**Study material:**
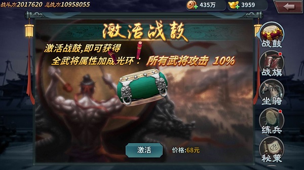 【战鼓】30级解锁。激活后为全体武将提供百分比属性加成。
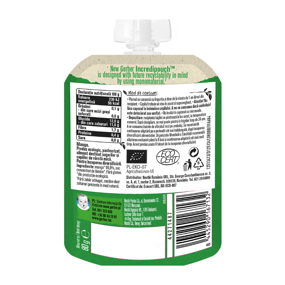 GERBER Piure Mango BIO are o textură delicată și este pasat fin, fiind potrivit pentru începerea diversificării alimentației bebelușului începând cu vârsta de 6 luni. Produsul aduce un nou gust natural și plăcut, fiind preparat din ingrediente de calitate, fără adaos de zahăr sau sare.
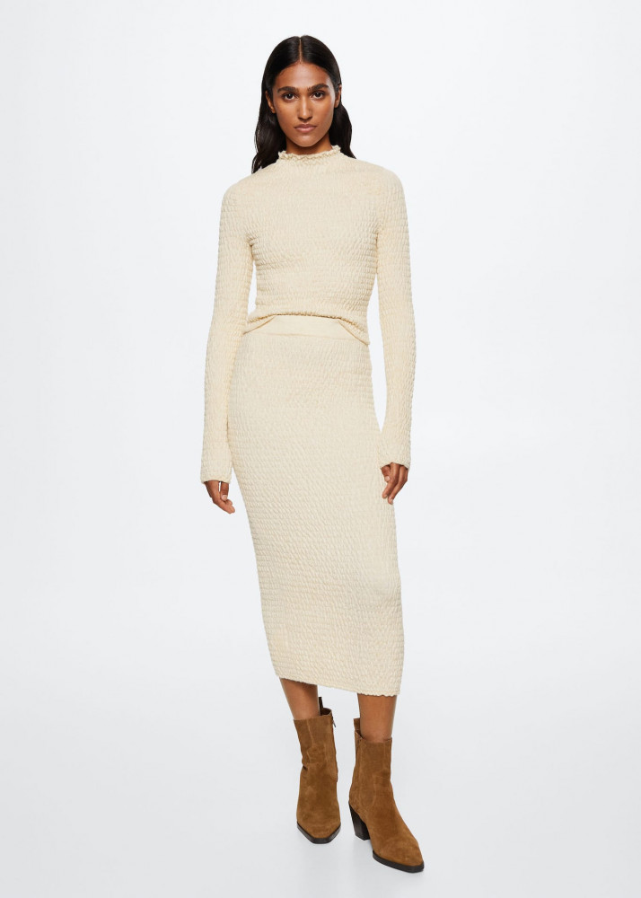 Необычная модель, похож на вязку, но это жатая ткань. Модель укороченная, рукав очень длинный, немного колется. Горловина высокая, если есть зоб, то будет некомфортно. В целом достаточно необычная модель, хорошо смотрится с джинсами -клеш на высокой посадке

---

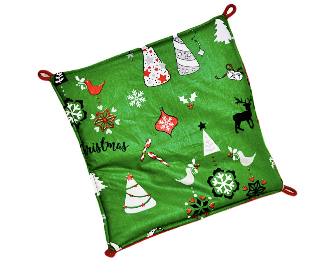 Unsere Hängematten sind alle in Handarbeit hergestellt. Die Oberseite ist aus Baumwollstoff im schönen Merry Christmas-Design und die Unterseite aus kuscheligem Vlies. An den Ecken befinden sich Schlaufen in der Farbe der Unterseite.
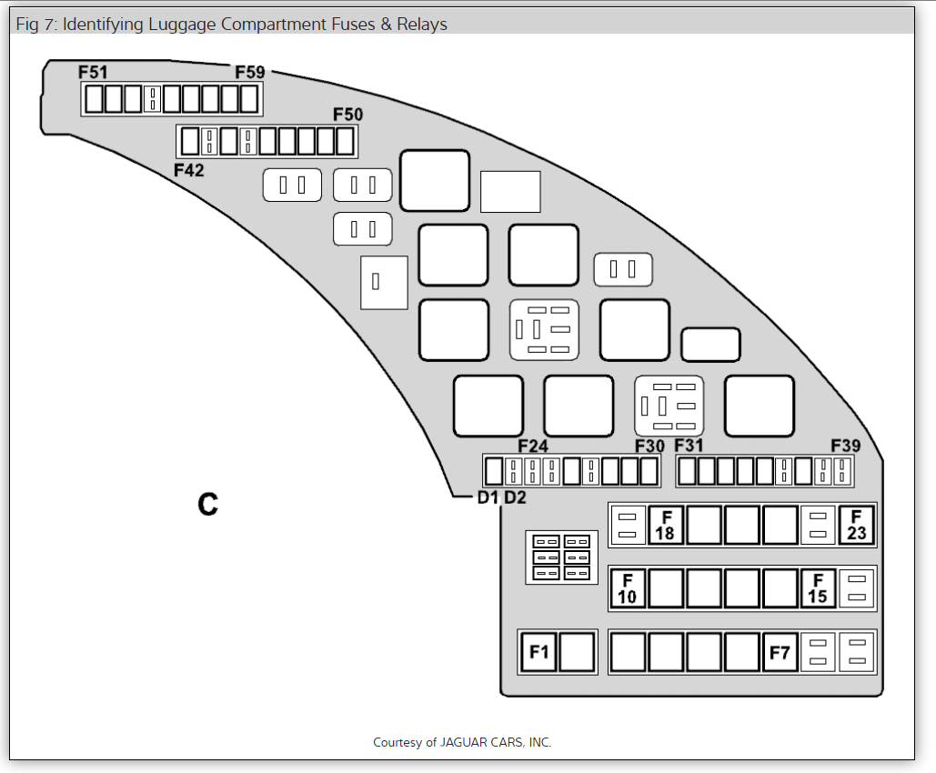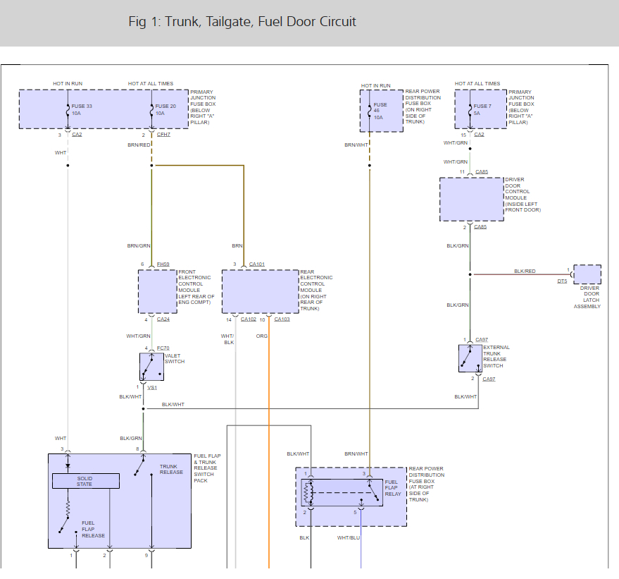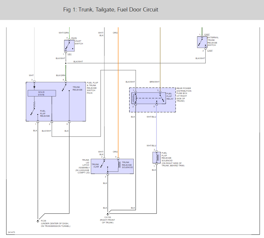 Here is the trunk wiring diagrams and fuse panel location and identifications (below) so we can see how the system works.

**Task brief:** Above are some records; extract exactly the lines from the one containing "GERBER Piure Mango" through the one containing "Необычная модель, похож" and drop the pictures.

**Final answer:**
 GERBER Piure Mango BIO are o textură delicată și este pasat fin, fiind potrivit pentru începerea diversificării alimentației bebelușului începând cu vârsta de 6 luni. Produsul aduce un nou gust natural și plăcut, fiind preparat din ingrediente de calitate, fără adaos de zahăr sau sare.
 Необычная модель, похож на вязку, но это жатая ткань. Модель укороченная, рукав очень длинный, немного колется. Горловина высокая, если есть зоб, то будет некомфортно. В целом достаточно необычная модель, хорошо смотрится с джинсами -клеш на высокой посадке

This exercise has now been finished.